Only one span is wanted from the lines below: from the one with "Het perceel waarop" up to and including the one with "Netia ruszyła z". Copy it exactly, without images.

++++ DATA

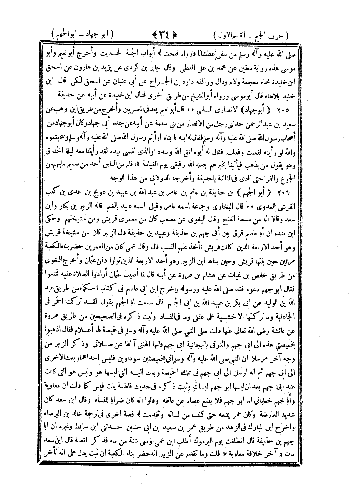 <34> صلى الله عليه وسلم من سقى عطشان فأرواه فتحت له أبواب الجنة الحديث وأخرجه أبو نعيم وأبو موسى هذه رواية مطين عن محمد بن علي الملطي وقال جابر بن كردي عن يزيد بن هارون عن إسحاق بن خليدة بخاء معجمة ولام ودال ووافقه داود بن الجراح عن أبي غسان عن إسحاق لكن قال بن خليد بلا هاء قال أبو موسى ورواه أبو الشيخ من طريق أخرى فقال بن خليدة عن أبيه عن حذيفة أبو جهاد الأنصاري السلمي قال أبو نعيم يعد في المصريين وأخرج من طريق بن وهب عن سعيد بن عبد الرحمن حدثني رجل من الأنصار من بني سلمة عن أبيه عن جده أبي جهاد وكان أبو جهاد من أصحاب رسول الله صلى الله عليه وسلم فقال له ابنه يا أبتاه رأيتم رسول الله صلى الله عليه وسلم وصحبتموه والله لو رأيته لفعلت وفعلت فقال له أبوه اتق الله وسدد فوالذي نفسي بيده لقد رأيتنا معه ليلة الخندق وهو يقول من يذهب فيأتينا بخبرهم جعله الله رفيقي يوم القيامة فما قام من الناس أحد من صميم ما بهم من الجوع والقر حتى نادى في الثالثة يا حذيفة وأخرجه الدولابي من هذا الوجه أبو الجهم بن حذيفة بن غانم بن عامر بن عبد الله بن عبيد بن عويج بن عدي بن كعب القرشي العدوي قال البخاري وجماعة اسمه عامر وقيل اسمه عبيد بالضم قاله الزبير بن بكار وابن سعد وقالا إنه من مسلمة الفتح وقال البغوي عن مصعب كان من معمري قريش ومن مشيختهم وحكى بن منده أن أبا عاصم فرق بين أبي جهم بن حذيفة وعبيد بن حذيفة قال الزبير كان من مشيخة قريش وهو أحد الأربعة الذين كانت قريش تأخذ عنهم النسب قال وقال عمي كان من المعمرين حضر بناء الكعبة مرتين حين بنتها قريش وحين بناها بن الزبير وهو أحد الأربعة الذين تولوا دفن عثمان وأخرج البغوي من طريق حفص بن غياث عن هشام بن عروة عن أبيه قال لما أصيب عثمان أرادوا الصلاة عليه فمنعوا فقال أبو الجهم دعوه فقد صلى الله عليه وسلم ورسوله وأخرج بن أبي عاصم في كتاب الحكماء من طريق عبد الله بن الوليد عن أبي بكر بن عبيد الله بن أبي الجهم قال سمعت أبا الجهم يقول لقد تركت الخمر في الجاهلية وما تركتها إلا خشية على عقلي وما فيها من الفساد وثبت ذكره في الصحيحين من طريق عروة عن عائشة رضي الله عنها قالت صلى النبي صلى الله عليه وسلم في خميصة لها أعلام فقال اذهبوا بخميصتي هذه إلى أبي جهم وائتوني بأنبجانية أبي جهم فإنما ألهتني آنفا علن صلاتي وذكر الزبير من وجه آخر مرسلا أن النبي صلى الله عليه وسلم أتى بخميصتين سوداوين فلبس إحداهما وبعث الأخرى إلى أبي جهم ثم إنه أرسل إلى أبي جهم في تلك الخميصة وبعث إليه التي لبسها هو ولبس هو التي كانت عند أبي جهم بعد أن لبسها أبو جهم لبسات وثبت ذكره في حديث فاطمة بنت قيس لما قالت إن معاوية وأبا جهم خطباني أما أبو جهم فلا يضع عصاه عن عاتقه وقالوا إنه كان ضرا بالنساء وقال بن سعد كان شديد العارضة وكان عمر يمنعه حتى كف من لسانه وتقدمت له قصة أخرى في ترجمة خالد بن البرصاء وأخرج بن المبارك في الزهد من طريق عمر بن سعيد بن أبي حسين حدثني بن سابط وغيره أن أبا جهم بن حذيفة قال انطلقت يوم اليرموك أطلب بن عمي ومعي شنة من ماء فذكر القصة قال بن سعد مات في آخر خلافة معاوية قلت وما تقدم عن الزبير أنه حضر بناء الكعبة إن ثبت يدل على أنه تأخر §
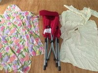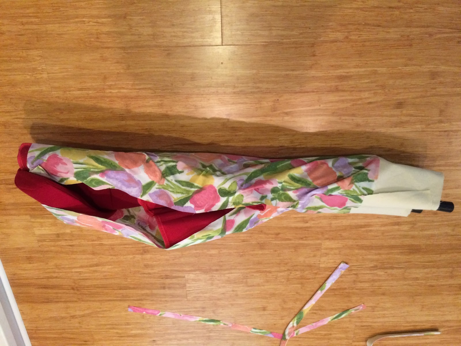 -Think more about shortcuts. I didn’t really need to sew the ties from tulip fabric. I could have used ribbon that I already have on hand and saved myself some time. I did realize (in time) that I didn’t need to put a square bottom on the bag. Unlike other folding chairs whose feet meet in a neat square, this one folds up unevenly. Just sewing the bottom of the bag straight across was sufficient.
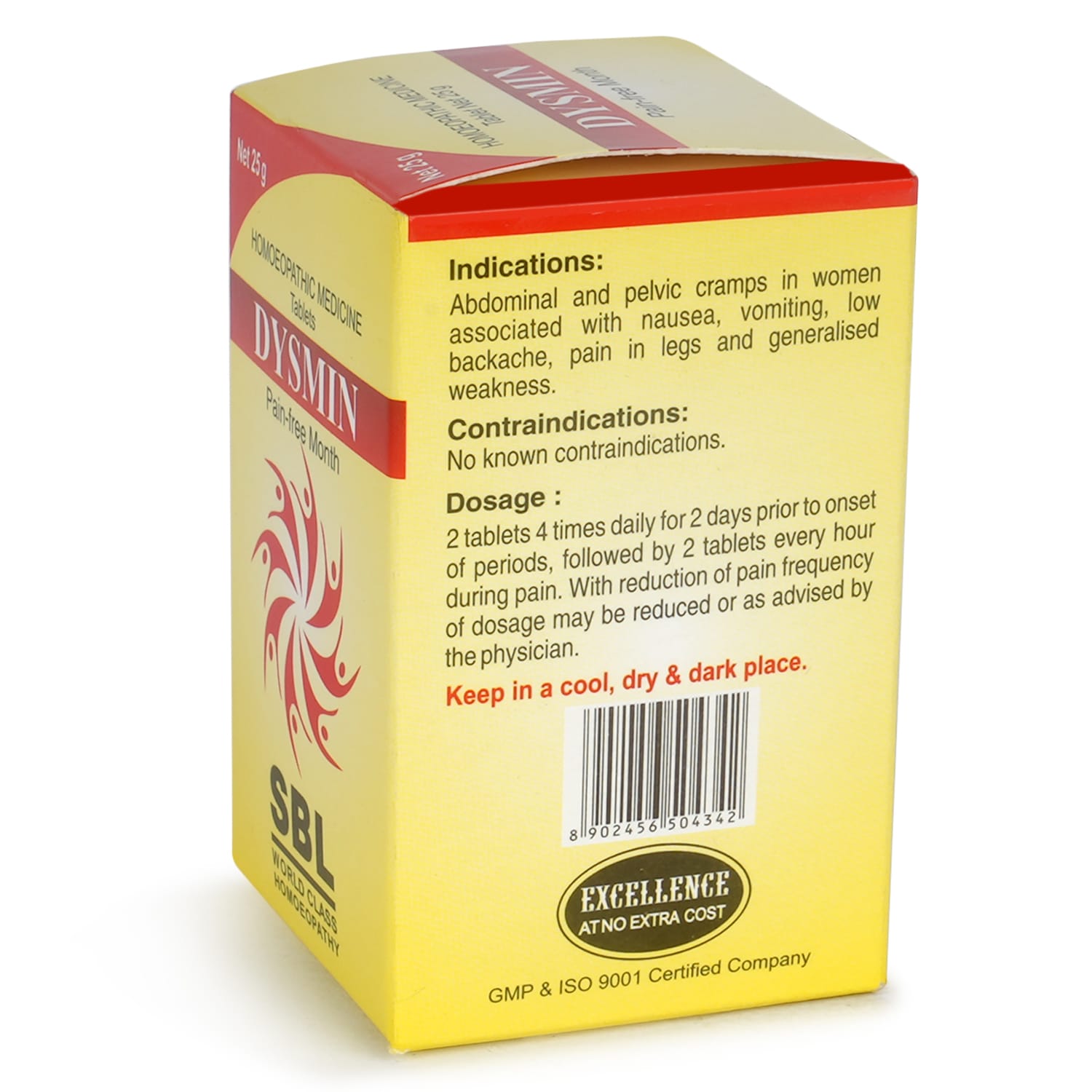 SBL’s Dysmin Tablets is an in-house clinically proven formulation with well-balanced homoeopathic medicines which brings relief from monthly abdominal and pelvic cramps in women associated with nausea, vomiting, low backache, pain in legs, and generalized weakness. It has no known contra-indication.
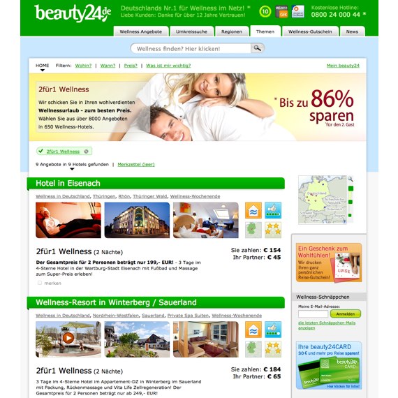 Speziell dann, wenn Sie vom grauen Alltag die Nase voll haben und Ihre Nerven restlos erschöpft sind, sollten Sie sich einmal erholen. Dafür eignet Sie sich die Seite von Beauty24 besonders gut, denn hier können Sie gleich das perfekte Wellnesshotel für Ihre Bedürfnisse zu einem Schnäppchen Preis für wenige Euro Bestellwert sichern. Bestandskunden nutzen das Angebot immer wieder, denn dieser seriöse Anbieter offeriert auch Ihnen bei der Restplatzbörse günstige Restplätze in Aktion. Nutzen Sie Ihre Beauty24 Gutscheine, denn diese werden hier gerne gesehen, und machen Sie ein richtiges Wellness Schnäppchen. Für eine erste Orientierung begeben Sie sich am besten direkt auf die Startseite, um folglich durch die Rubriken zu schwelgen. Diese Agentur hat sich auf Wellness-Reisen spezialisiert, so dass Sie sich gut aufgehoben fühlen können.
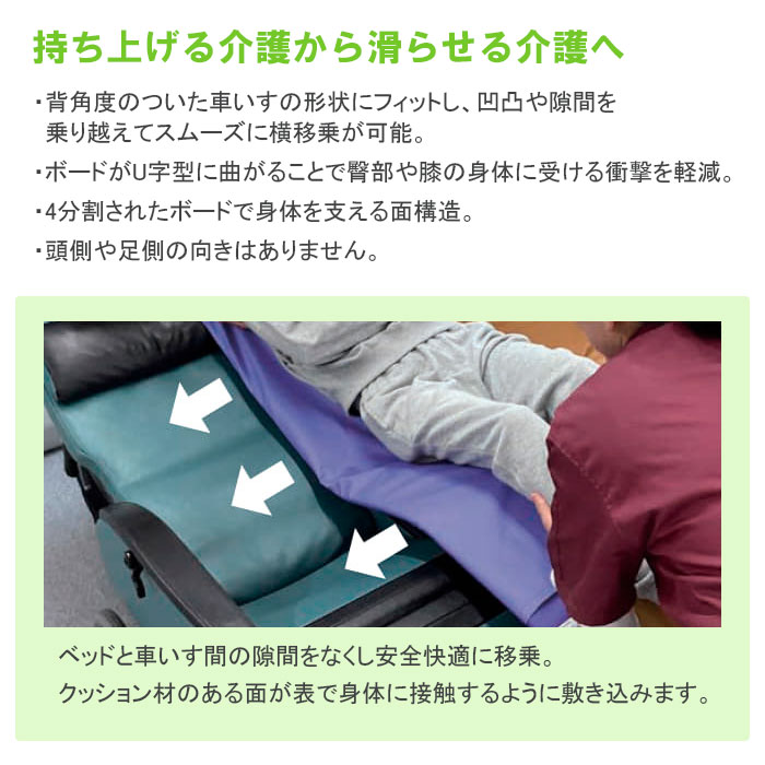 ※メーカー直送商品となります。 本体がU字型に曲がって体にフィットするので、寝た姿勢のままベッドとティルトリクライニング車いす間の移乗がスムーズに行えます。 無理に持ち上げ移乗することで引き起こされる、ご利用者の筋緊張やスキントラブル、介護する方の腰痛を予防することができます。 サイズ:幅50×長さ140cm 重量:約2.25kg 材質: シート・マット:ポリエステル100% 芯材(エルク):複合繊維(ポリエステル)100% ボード:ポリプロピレン100% 付属品:収納袋(ボードを二つ折りにして収納) メーカー:ウェルファン
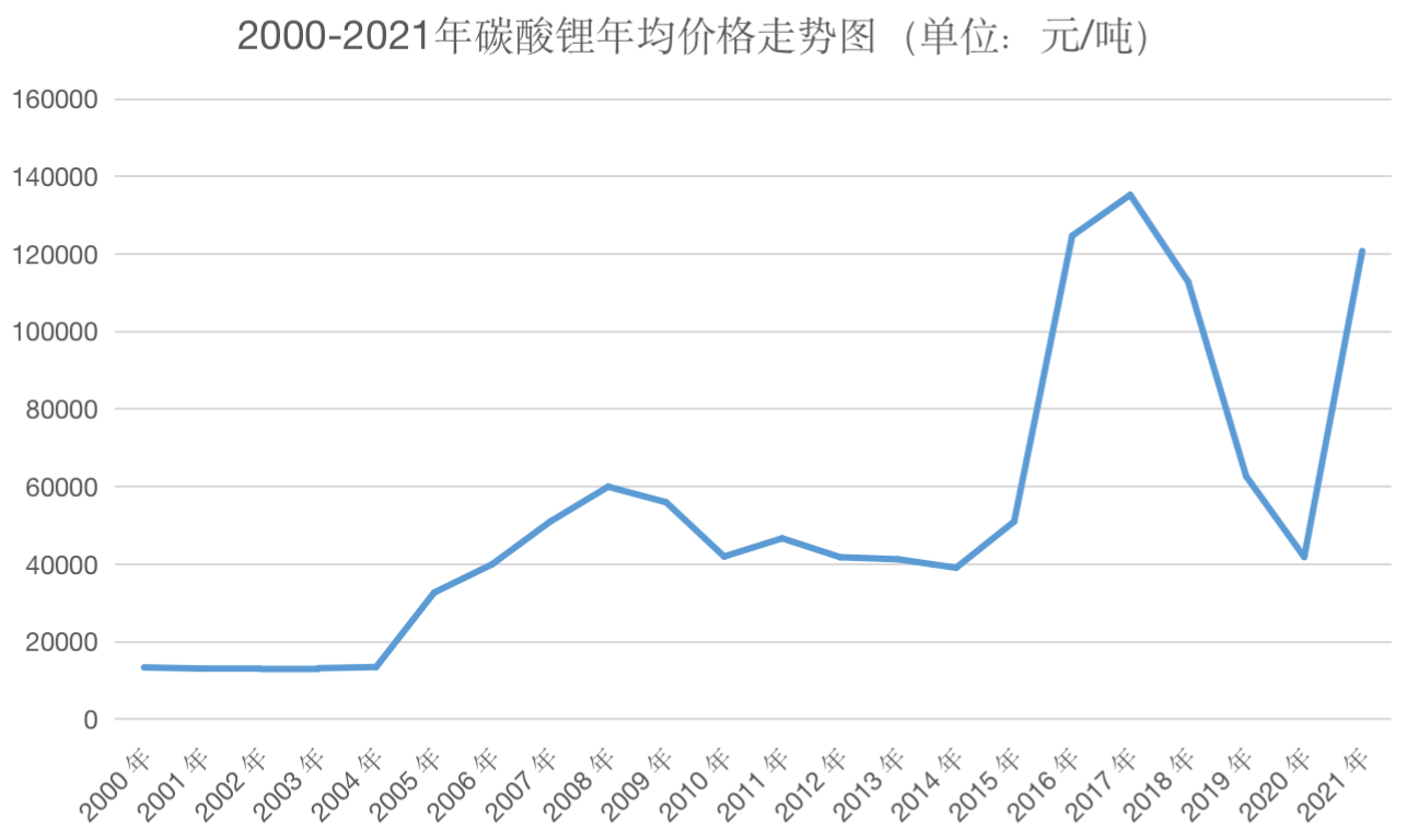 钛媒体APP整理了碳酸锂自 2000 年以来的年均价格的走势,可以看出,尽管不同时期价格有所波动,但其最高价格也仅停留在 13 万/吨——与如今的 50 多万/吨相差甚远。
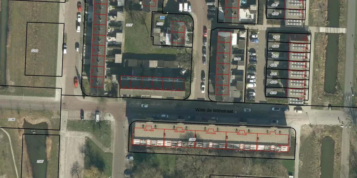 Het perceel waarop Witte de Withstraat 25 staat heeft een oppervlakte van 3785 m². Dit is een zeer groot perceel. De perceeloppervlakte wordt geregistreerd door het Kadaster. Gedetailleerde informatie over de maten van dit perceel kunt u vinden in het rapport Kadastrale kaart met maatvoering van Witte de Withstraat 25.
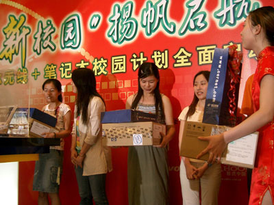 有沒有可能讓每個(gè)大學(xué)生都能擁有自己的筆記本電腦,每個(gè)大學(xué)生能隨時(shí)隨地上互聯(lián)網(wǎng)學(xué)習(xí)?這并不是天方夜譚。6月9日,中國(guó)教育和科研計(jì)算機(jī)網(wǎng)(CERNET)在清華大學(xué)宣布啟動(dòng)“網(wǎng)絡(luò)新校園”行動(dòng)計(jì)劃,在建設(shè)100所無(wú)線校園網(wǎng)的同時(shí),力爭(zhēng)在2006年向全國(guó)大學(xué)生提供30萬(wàn)臺(tái)特供筆記本電腦,并在國(guó)內(nèi)大學(xué)逐步推廣大學(xué)生筆記本電腦普及計(jì)劃。同時(shí)CERNET將為大學(xué)生提供貸款購(gòu)機(jī)擔(dān)保,最低每日支付10元人民幣就可以購(gòu)買一款學(xué)生用筆記本電腦。同時(shí),這些同學(xué)也將第一次享受到IPv6/IPv4雙網(wǎng)接入服務(wù),提前享受到下一代互聯(lián)網(wǎng)接入服務(wù)。
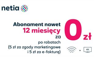 Netia ruszyła z promocją "12 miesięcy za 0 zł" dla pakietów łączących najszybszy światłowód operatora, Telewizję 4K w wariancie L i usługę Bezpieczny Internet Ultra. Jak podano w komunikacie, abonenci są zwolnieni z opłat przez pełnych 12 miesięcy, a oferta dotyczy opcji do 1 Gb/s oraz do 2 Gb/s na sieci własnej Netii.
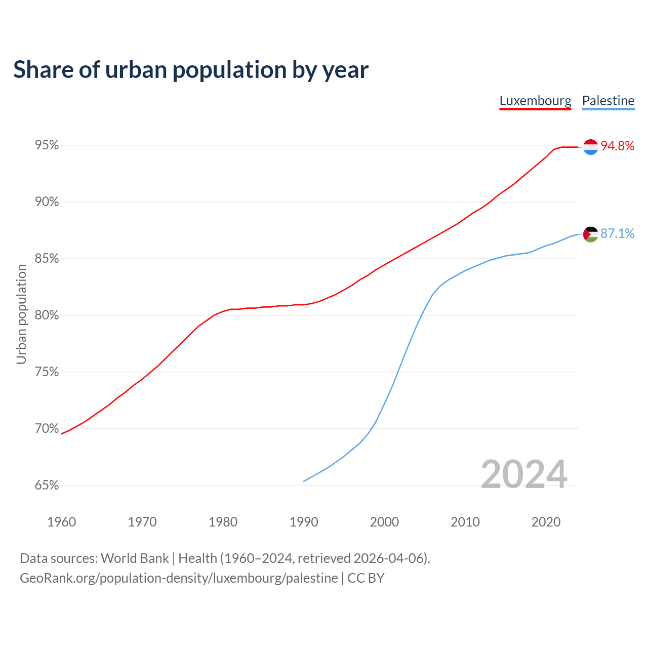 From 2004 to 2024, the share of urban population changed from 86% to 94.8% in Luxembourg and from 79% to 87.1% in Palestine.
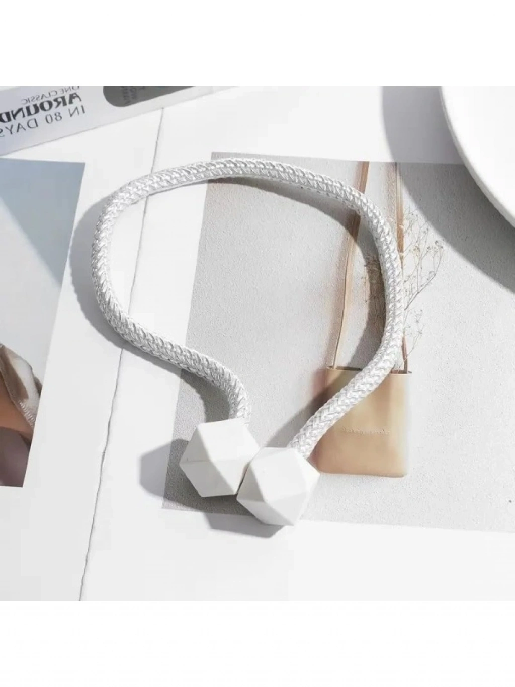 Bu zarif kare şekilli manyetik perde klipleri, şık beyaz rengi ile modern bir görünüm sunar. Güçlü mıknatıslı yapısı sayesinde perdelerinizi kolayca tutturabilir ve düzenli bir görünüm elde edebilirsiniz. Set içeriğinde 2 çift (4 adet) dekoratif perde tutucu ve 40 cm uzunluğunda örgülü kordon yer alır. Her türlü kalınlıktaki perde kumaşı ile uyumludur, ev dekorasyonunuzda estetik bir detay sağlar.
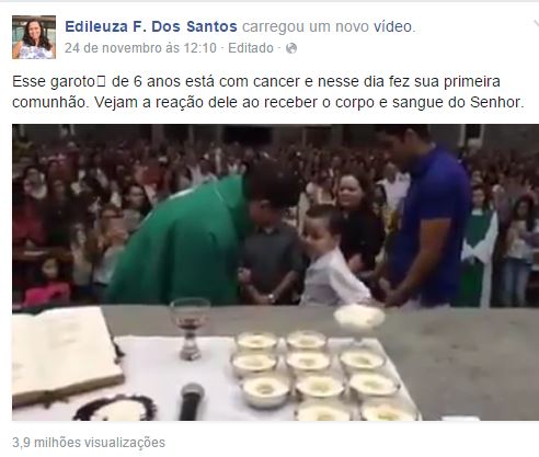 Um garoto de apenas 6 anos está comovendo as redes sociais com um vídeo postado mostrando sua primeira comunhão.

++++++++

EXERCISE OUTPUT:
 Het perceel waarop Witte de Withstraat 25 staat heeft een oppervlakte van 3785 m². Dit is een zeer groot perceel. De perceeloppervlakte wordt geregistreerd door het Kadaster. Gedetailleerde informatie over de maten van dit perceel kunt u vinden in het rapport Kadastrale kaart met maatvoering van Witte de Withstraat 25.
 有沒有可能讓每個(gè)大學(xué)生都能擁有自己的筆記本電腦,每個(gè)大學(xué)生能隨時(shí)隨地上互聯(lián)網(wǎng)學(xué)習(xí)?這并不是天方夜譚。6月9日,中國(guó)教育和科研計(jì)算機(jī)網(wǎng)(CERNET)在清華大學(xué)宣布啟動(dòng)“網(wǎng)絡(luò)新校園”行動(dòng)計(jì)劃,在建設(shè)100所無(wú)線校園網(wǎng)的同時(shí),力爭(zhēng)在2006年向全國(guó)大學(xué)生提供30萬(wàn)臺(tái)特供筆記本電腦,并在國(guó)內(nèi)大學(xué)逐步推廣大學(xué)生筆記本電腦普及計(jì)劃。同時(shí)CERNET將為大學(xué)生提供貸款購(gòu)機(jī)擔(dān)保,最低每日支付10元人民幣就可以購(gòu)買一款學(xué)生用筆記本電腦。同時(shí),這些同學(xué)也將第一次享受到IPv6/IPv4雙網(wǎng)接入服務(wù),提前享受到下一代互聯(lián)網(wǎng)接入服務(wù)。
 Netia ruszyła z promocją "12 miesięcy za 0 zł" dla pakietów łączących najszybszy światłowód operatora, Telewizję 4K w wariancie L i usługę Bezpieczny Internet Ultra. Jak podano w komunikacie, abonenci są zwolnieni z opłat przez pełnych 12 miesięcy, a oferta dotyczy opcji do 1 Gb/s oraz do 2 Gb/s na sieci własnej Netii.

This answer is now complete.